I was in exactly your position nine months ago (applied math rather than pure math). I was geographically limited by where I looked for faculty positions, and while I got interviews, they never led to offers.

As mathematicians we have an advantage compared to other sciences: our research is often not limited by a lack of funding. Not sure what side of pure math you do, but my guess is that to get work done all you need is pencil, paper and laptop. Get yourself a day job, and treat math as a hobby. Work on hard problems that you were too afraid to work on before, perhaps for lack of progress or a perception that "this problem is for people with job security". Publish as unaffiliated or, if you don't want to list your home address as your institution, incorporate and register a non-profit research centre that only exists on paper (I'm looking to do this right now, if only because it's an adventure in its own right). Or, as others have suggested here, try to get a job where publication is expected.

If a professor position is your dream, that's fine. But don't let the dream tie you down. You might find, like I did, that there are plenty of interesting careers outside of academia, many of which pay more (either initially, or have a longer runway of earnings potential), allow great work-life balance and provide superior benefits. And besides, there's no rule saying that you can't go back later. Industry experience is valuable, and depending on the industry you enter and the role you get, you might find that what you do is transferable if you decide to throw your hat in the ring for a tenure track job along the line.

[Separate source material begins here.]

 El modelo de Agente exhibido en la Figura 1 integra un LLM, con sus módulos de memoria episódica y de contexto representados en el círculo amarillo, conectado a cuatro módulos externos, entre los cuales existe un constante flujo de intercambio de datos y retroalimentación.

Working in a company provides you with useful experience, not just in terms of CV, but of personal growth too. You get to see problems and situations from a different perspective. If you want to learn about leadership and effective management, a company job may help you a lot and turn out to be useful even if you decide to go back to academia. Moreover ...

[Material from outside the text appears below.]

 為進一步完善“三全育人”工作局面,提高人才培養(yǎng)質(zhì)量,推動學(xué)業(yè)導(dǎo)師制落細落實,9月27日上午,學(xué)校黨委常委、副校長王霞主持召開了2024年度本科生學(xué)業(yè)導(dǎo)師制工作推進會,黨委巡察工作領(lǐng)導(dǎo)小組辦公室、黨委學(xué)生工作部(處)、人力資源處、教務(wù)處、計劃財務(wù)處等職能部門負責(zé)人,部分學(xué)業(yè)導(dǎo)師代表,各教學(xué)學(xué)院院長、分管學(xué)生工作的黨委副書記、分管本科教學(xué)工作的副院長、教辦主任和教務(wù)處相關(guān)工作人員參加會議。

@Buffy "The other reason is that it is difficult, in most industry positions, even research, to do things that are relevant to academia. Much industry research is product focused, not knowledge based." Yes, but that depends on the irrelevance of a lot of academmic research. Experiencing how mathematics or physics or whatever are actually used in practice gives sense for which problems and techniques are actually relevant, as well as providing insight into their deep motivation, beyond the formalism. Often deep, new results emerge from concrete problems , rather than from academic ruminations.